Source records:
╭──

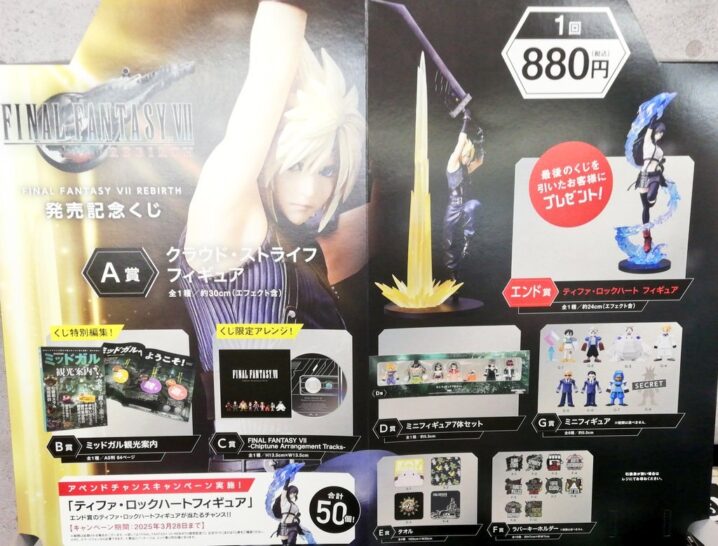 明日朝10時より販売開始‼️ FF7リバース発売記念くじ 1回880円 A賞は主人公クラウド・ストライフのエフェクト付きスケールフィギュアで登場‼️ 読めば 街 ミ…
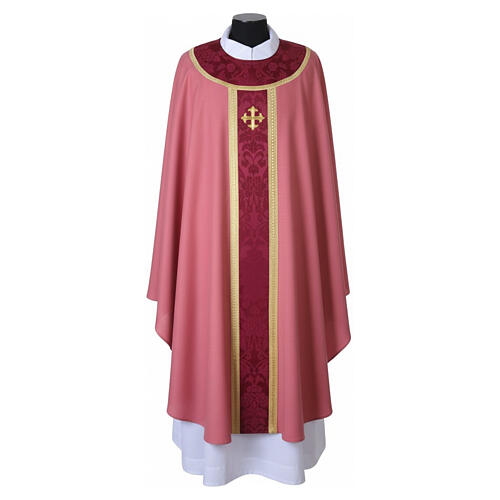 Chasuble Slabbinck rose damas avec croix brodée.
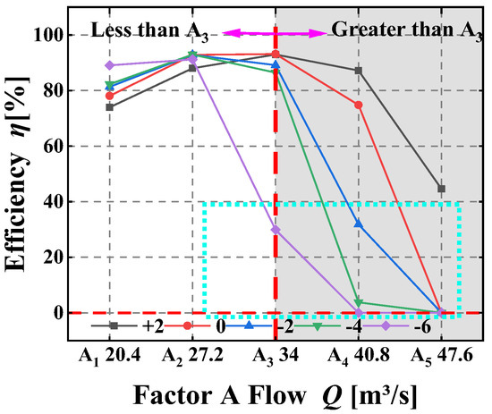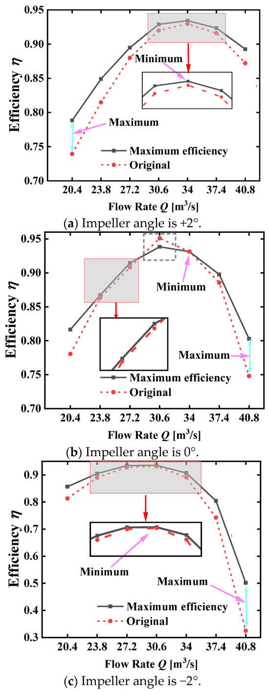 After the analysis in 6.1, we discovered the pattern of matching between the moving and stationary blades. However, in the actual operation process of a pump station, the impeller angle often rotates to a certain angle according to the water regulation task (the operating area changes) and works at this angle for a considerable period of time. During the flood season, the head decreases but inflow increases, so the flow rate of the pump station increases. The impeller needs to be adjusted at a positive angle to shift the efficiency curve to the right as a whole so that the efficiency area remains at the high-flow operating point. During the dry season, the head increases but inflow decreases, and the flow rate of the pump station decreases. The impeller needs to be adjusted towards a negative angle to shift the efficiency curve to the left as a whole, keeping the high-efficiency zone at the low-flow operating point.
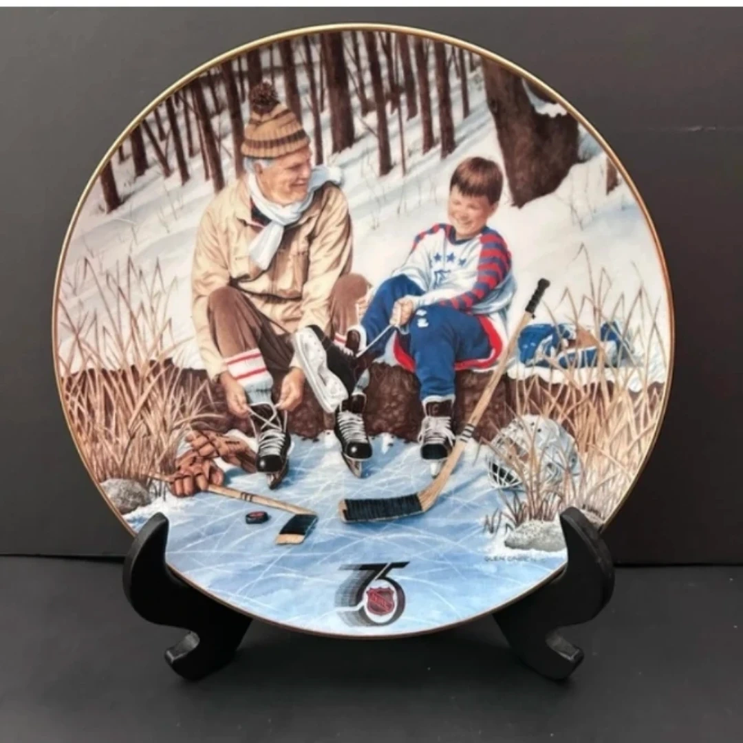This limited edition collector plate, "First Ice", beautifully depicts a grandfather and grandson tying skates for a day on the ice. It's crafted with exquisite detail. A wonderful piece for any hockey or Americana art enthusiast!
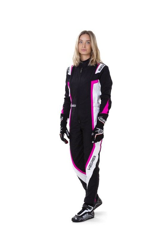 Combinaison de karting Sparco CIK-FIA N2013.1 KERB LADY pour la compétition. Confort optimal grâce à sa respirabilité. Conception et coupe spécifiques pour les femmes.
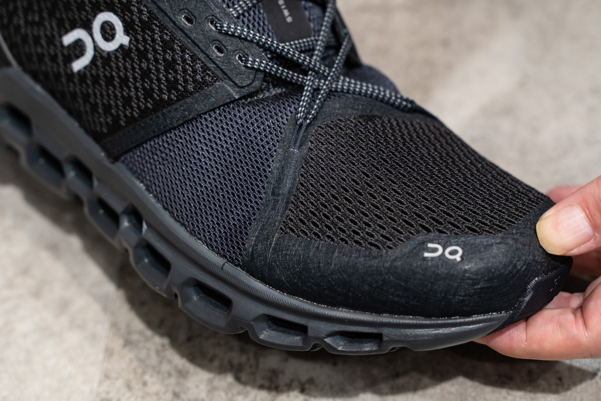 アッパーは伸縮性を持たせたナイロンメッシュで通気性はバツグン。さらに足の動きを計算して非対称に作られていて、動作を邪魔することなく通気性の良さを最大限に引き出しています。

╰──

EXERCISE GOAL:
Say again, word for word, every line from the one with "After the analysis" through the last line of the data above, minus the pictures.

RESULT OF THIS TASK:
 After the analysis in 6.1, we discovered the pattern of matching between the moving and stationary blades. However, in the actual operation process of a pump station, the impeller angle often rotates to a certain angle according to the water regulation task (the operating area changes) and works at this angle for a considerable period of time. During the flood season, the head decreases but inflow increases, so the flow rate of the pump station increases. The impeller needs to be adjusted at a positive angle to shift the efficiency curve to the right as a whole so that the efficiency area remains at the high-flow operating point. During the dry season, the head increases but inflow decreases, and the flow rate of the pump station decreases. The impeller needs to be adjusted towards a negative angle to shift the efficiency curve to the left as a whole, keeping the high-efficiency zone at the low-flow operating point.
This limited edition collector plate, "First Ice", beautifully depicts a grandfather and grandson tying skates for a day on the ice. It's crafted with exquisite detail. A wonderful piece for any hockey or Americana art enthusiast!
 Combinaison de karting Sparco CIK-FIA N2013.1 KERB LADY pour la compétition. Confort optimal grâce à sa respirabilité. Conception et coupe spécifiques pour les femmes.
 アッパーは伸縮性を持たせたナイロンメッシュで通気性はバツグン。さらに足の動きを計算して非対称に作られていて、動作を邪魔することなく通気性の良さを最大限に引き出しています。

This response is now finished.